▶ Extracted data entries
--------------------

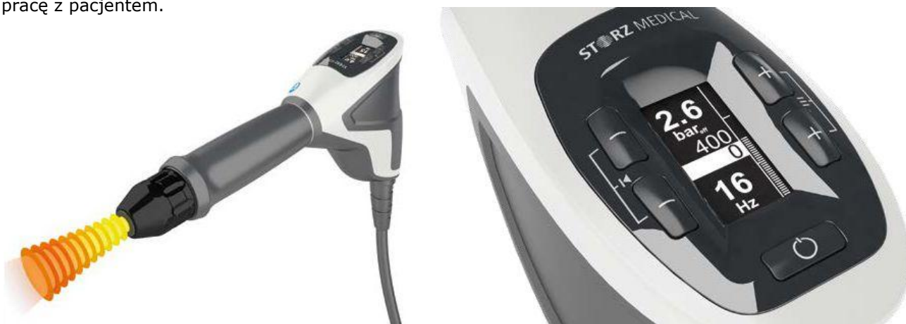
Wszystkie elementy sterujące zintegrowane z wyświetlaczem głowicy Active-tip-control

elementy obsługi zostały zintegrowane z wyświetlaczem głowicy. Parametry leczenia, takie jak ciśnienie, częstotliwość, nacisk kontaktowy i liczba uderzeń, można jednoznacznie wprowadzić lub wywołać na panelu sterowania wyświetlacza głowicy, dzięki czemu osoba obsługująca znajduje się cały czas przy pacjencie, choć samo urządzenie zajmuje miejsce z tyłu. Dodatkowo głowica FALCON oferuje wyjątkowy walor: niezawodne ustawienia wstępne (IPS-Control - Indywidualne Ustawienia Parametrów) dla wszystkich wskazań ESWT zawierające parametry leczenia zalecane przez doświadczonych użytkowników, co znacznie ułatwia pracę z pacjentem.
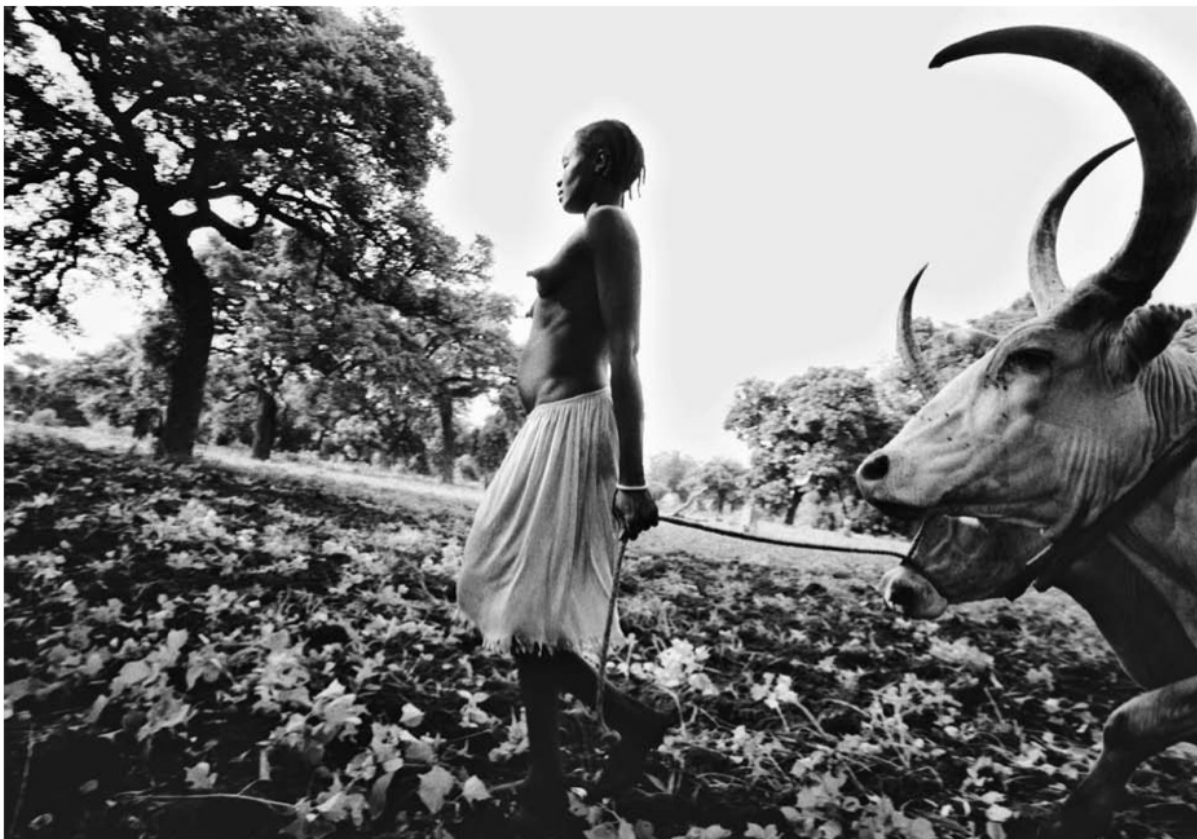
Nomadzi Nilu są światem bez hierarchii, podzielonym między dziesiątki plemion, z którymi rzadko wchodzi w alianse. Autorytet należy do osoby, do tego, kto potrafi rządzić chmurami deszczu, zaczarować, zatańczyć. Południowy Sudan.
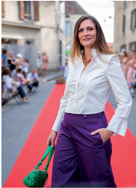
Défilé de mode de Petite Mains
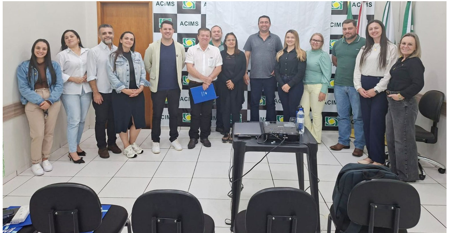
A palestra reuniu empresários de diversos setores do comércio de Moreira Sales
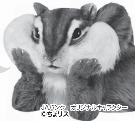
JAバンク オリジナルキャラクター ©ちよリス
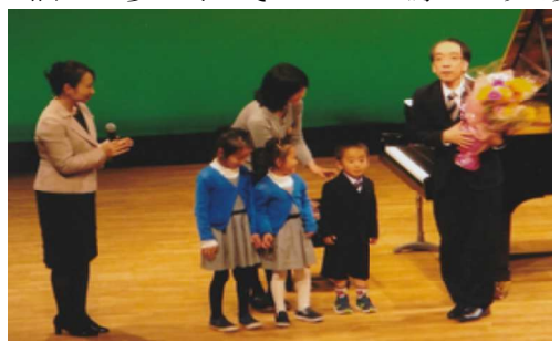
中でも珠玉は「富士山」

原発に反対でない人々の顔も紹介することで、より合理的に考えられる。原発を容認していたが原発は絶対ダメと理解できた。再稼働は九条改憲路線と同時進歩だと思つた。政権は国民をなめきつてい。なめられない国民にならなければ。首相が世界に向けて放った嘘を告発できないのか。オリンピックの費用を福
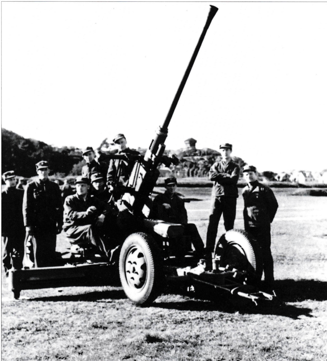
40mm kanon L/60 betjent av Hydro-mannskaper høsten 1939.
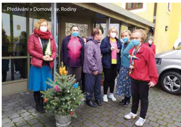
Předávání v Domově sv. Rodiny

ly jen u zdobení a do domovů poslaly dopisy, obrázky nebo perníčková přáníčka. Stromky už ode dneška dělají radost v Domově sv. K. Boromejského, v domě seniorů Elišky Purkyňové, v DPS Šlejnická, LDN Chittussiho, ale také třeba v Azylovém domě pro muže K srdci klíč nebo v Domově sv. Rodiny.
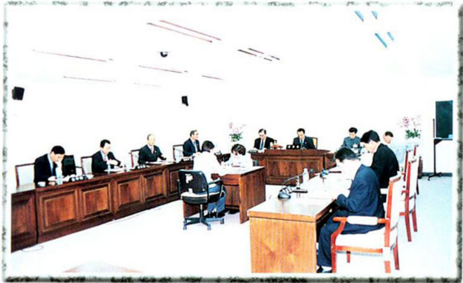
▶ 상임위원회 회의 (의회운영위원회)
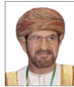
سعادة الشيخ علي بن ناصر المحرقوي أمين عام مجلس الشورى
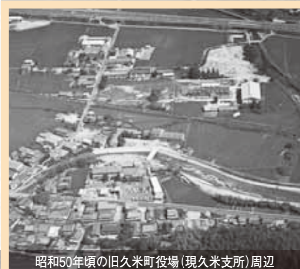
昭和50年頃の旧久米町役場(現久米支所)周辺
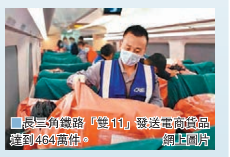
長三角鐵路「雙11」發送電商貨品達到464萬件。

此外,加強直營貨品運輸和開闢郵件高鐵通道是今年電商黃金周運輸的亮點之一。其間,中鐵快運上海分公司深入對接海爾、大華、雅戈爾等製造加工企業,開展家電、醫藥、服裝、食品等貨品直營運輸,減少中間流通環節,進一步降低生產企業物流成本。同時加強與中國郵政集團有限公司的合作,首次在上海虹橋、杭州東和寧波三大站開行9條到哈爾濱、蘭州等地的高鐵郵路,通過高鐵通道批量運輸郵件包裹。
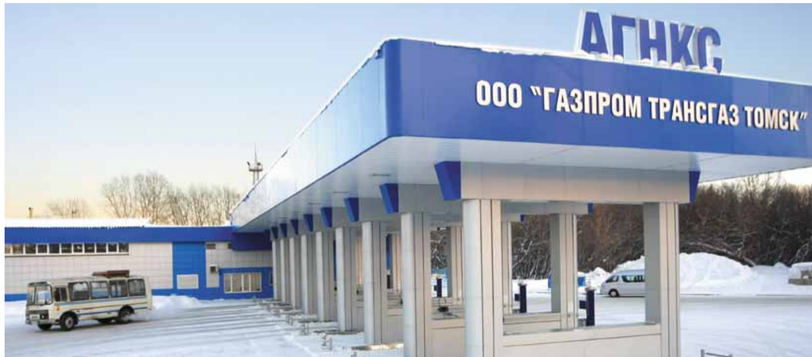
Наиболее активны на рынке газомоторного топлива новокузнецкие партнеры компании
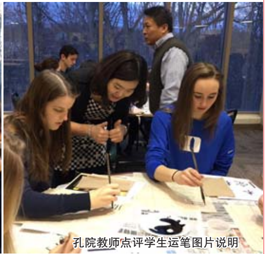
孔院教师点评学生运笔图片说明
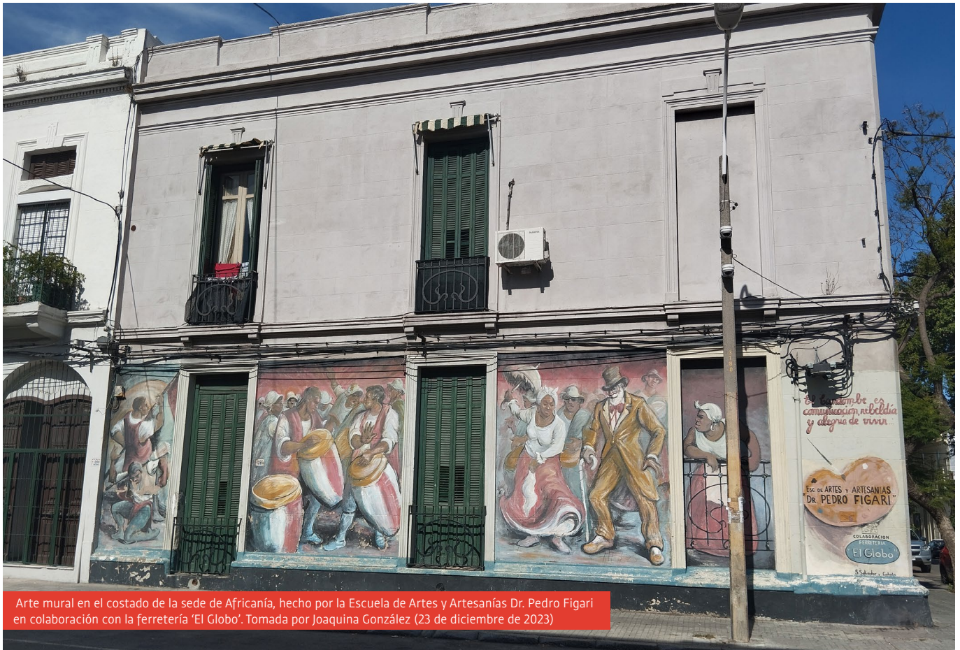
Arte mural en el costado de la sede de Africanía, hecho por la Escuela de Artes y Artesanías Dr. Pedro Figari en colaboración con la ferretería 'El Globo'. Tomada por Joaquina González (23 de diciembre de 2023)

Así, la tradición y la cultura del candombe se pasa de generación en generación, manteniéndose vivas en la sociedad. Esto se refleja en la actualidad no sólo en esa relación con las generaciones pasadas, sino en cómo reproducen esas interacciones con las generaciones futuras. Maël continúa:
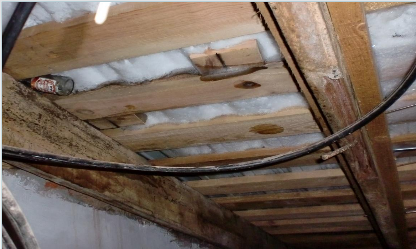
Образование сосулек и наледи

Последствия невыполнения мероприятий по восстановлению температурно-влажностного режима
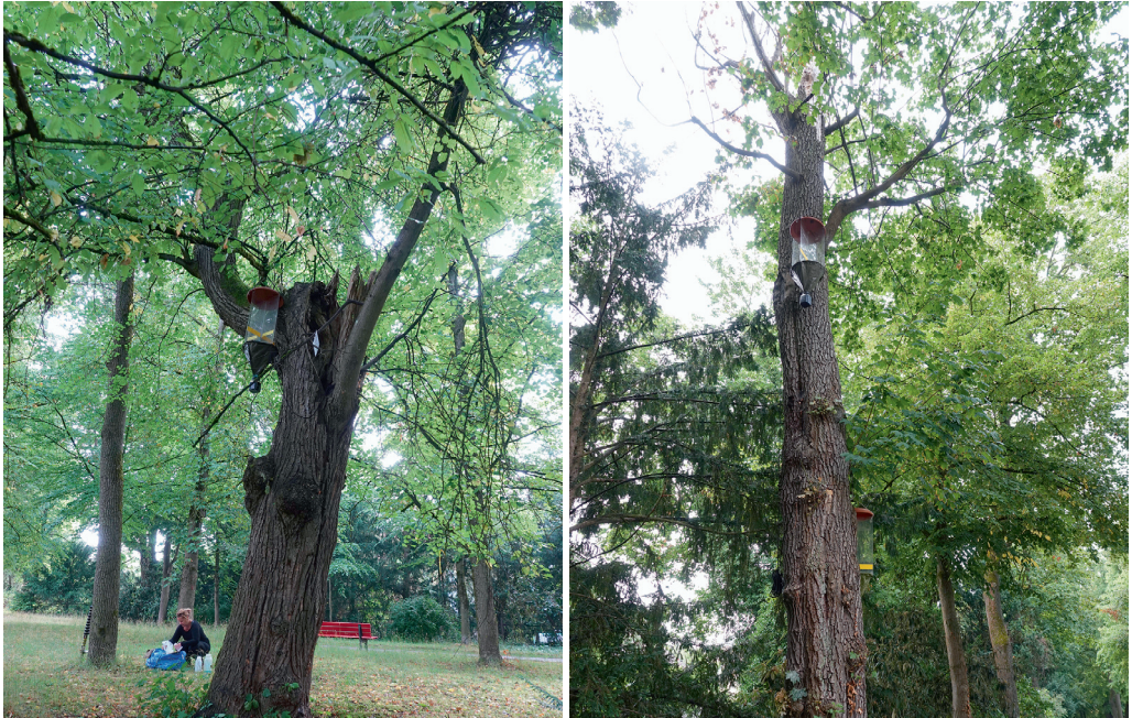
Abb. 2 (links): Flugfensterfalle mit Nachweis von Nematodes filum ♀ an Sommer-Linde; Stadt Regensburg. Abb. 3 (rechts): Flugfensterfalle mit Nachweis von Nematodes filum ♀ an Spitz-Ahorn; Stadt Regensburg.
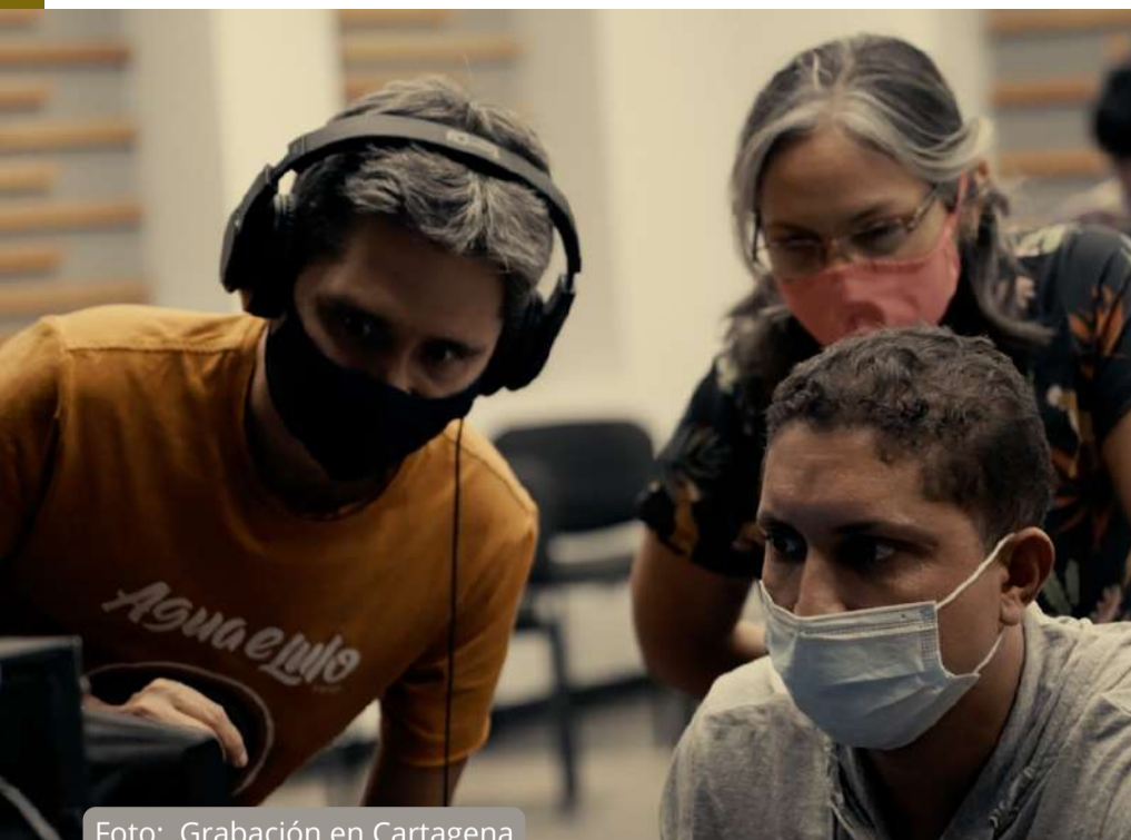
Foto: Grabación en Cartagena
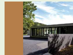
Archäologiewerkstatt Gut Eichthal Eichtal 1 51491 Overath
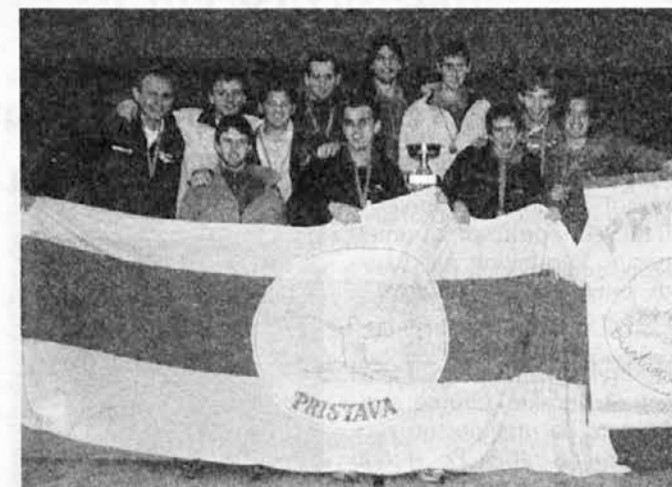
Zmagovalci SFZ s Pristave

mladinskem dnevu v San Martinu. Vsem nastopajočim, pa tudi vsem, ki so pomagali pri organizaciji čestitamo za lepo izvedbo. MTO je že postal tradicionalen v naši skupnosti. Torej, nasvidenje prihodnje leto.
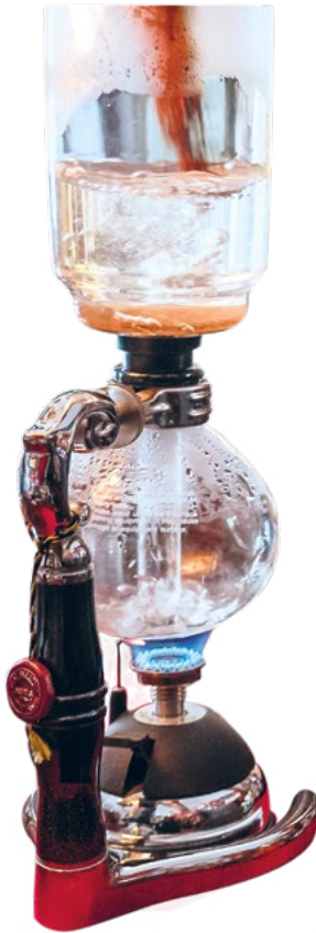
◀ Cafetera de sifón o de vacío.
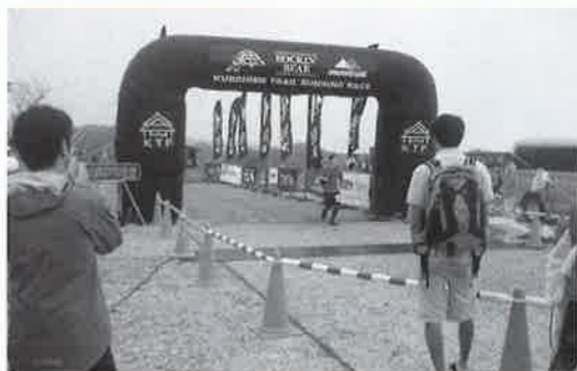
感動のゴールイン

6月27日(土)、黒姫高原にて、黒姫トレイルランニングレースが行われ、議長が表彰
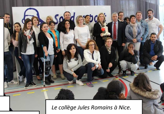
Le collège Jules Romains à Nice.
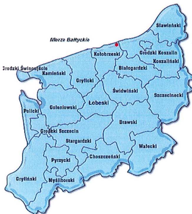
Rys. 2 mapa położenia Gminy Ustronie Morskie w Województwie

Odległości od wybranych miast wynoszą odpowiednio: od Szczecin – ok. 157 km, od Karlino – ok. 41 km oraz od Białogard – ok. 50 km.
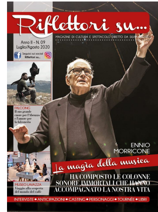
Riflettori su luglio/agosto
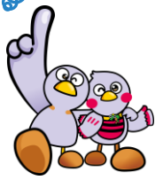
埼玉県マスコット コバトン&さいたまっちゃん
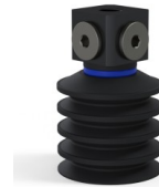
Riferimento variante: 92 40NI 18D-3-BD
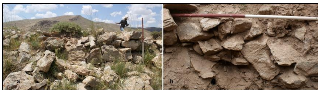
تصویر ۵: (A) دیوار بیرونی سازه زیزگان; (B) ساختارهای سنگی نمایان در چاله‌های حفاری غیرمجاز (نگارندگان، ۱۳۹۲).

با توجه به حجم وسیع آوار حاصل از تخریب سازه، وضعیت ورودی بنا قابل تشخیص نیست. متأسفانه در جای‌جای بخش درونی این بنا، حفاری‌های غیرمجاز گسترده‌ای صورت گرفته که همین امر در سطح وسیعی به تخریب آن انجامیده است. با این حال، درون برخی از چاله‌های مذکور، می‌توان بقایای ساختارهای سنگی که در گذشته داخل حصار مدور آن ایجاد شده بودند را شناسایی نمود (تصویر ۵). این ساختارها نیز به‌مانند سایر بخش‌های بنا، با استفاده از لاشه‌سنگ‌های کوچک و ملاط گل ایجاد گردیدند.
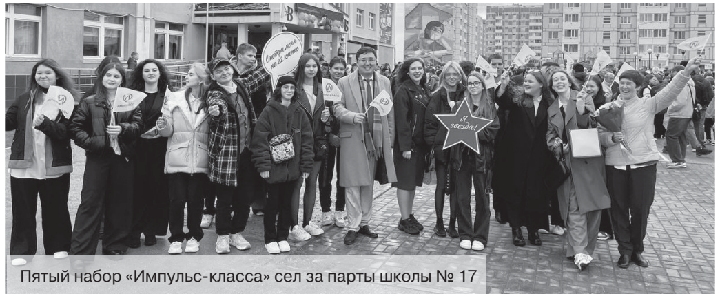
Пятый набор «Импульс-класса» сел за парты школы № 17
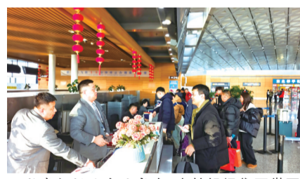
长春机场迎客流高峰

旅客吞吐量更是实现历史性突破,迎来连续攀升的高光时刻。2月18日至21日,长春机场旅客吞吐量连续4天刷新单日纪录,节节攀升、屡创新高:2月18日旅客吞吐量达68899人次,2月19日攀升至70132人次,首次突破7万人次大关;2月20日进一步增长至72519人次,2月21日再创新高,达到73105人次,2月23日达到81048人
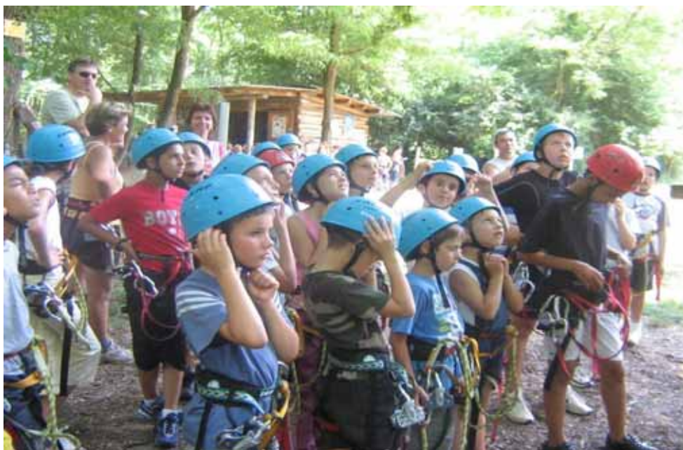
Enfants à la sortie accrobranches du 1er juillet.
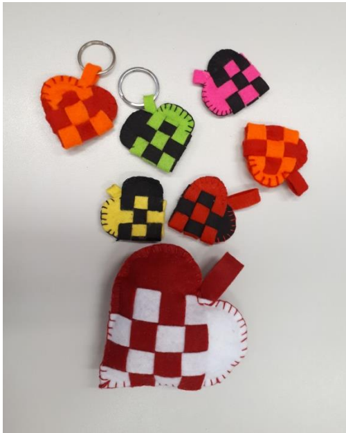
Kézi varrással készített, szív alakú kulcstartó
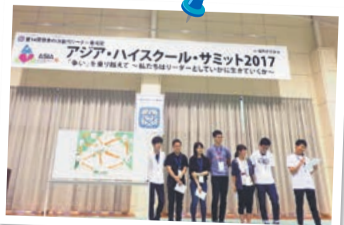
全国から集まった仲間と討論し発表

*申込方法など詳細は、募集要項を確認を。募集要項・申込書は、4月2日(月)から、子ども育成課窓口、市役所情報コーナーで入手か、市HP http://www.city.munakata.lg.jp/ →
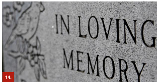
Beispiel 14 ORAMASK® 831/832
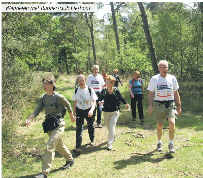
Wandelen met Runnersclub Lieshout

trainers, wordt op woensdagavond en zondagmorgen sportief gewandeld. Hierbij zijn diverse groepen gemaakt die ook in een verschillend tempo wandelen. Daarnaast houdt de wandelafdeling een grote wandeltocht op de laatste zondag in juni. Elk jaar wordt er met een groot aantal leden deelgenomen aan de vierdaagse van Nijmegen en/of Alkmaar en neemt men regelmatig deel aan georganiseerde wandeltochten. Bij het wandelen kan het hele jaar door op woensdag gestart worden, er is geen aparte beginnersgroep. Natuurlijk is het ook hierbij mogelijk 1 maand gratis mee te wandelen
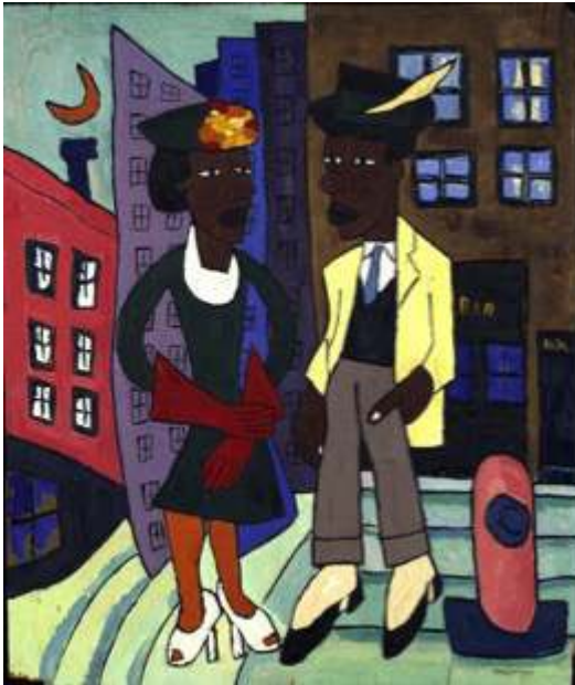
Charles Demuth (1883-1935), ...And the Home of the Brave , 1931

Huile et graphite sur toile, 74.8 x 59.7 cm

--------------------

▶ Exercise details
Out of the records above, please copy exactly the lines from the line with "парты школы № 17" up to and including the line with "Wandelen met Runnersclub Lieshout", minus the pictures.

▶ Task solution
Пятый набор «Импульс-класса» сел за парты школы № 17
长春机场迎客流高峰

旅客吞吐量更是实现历史性突破,迎来连续攀升的高光时刻。2月18日至21日,长春机场旅客吞吐量连续4天刷新单日纪录,节节攀升、屡创新高:2月18日旅客吞吐量达68899人次,2月19日攀升至70132人次,首次突破7万人次大关;2月20日进一步增长至72519人次,2月21日再创新高,达到73105人次,2月23日达到81048人
Enfants à la sortie accrobranches du 1er juillet.
Kézi varrással készített, szív alakú kulcstartó
全国から集まった仲間と討論し発表

*申込方法など詳細は、募集要項を確認を。募集要項・申込書は、4月2日(月)から、子ども育成課窓口、市役所情報コーナーで入手か、市HP http://www.city.munakata.lg.jp/ →
Beispiel 14 ORAMASK® 831/832
Wandelen met Runnersclub Lieshout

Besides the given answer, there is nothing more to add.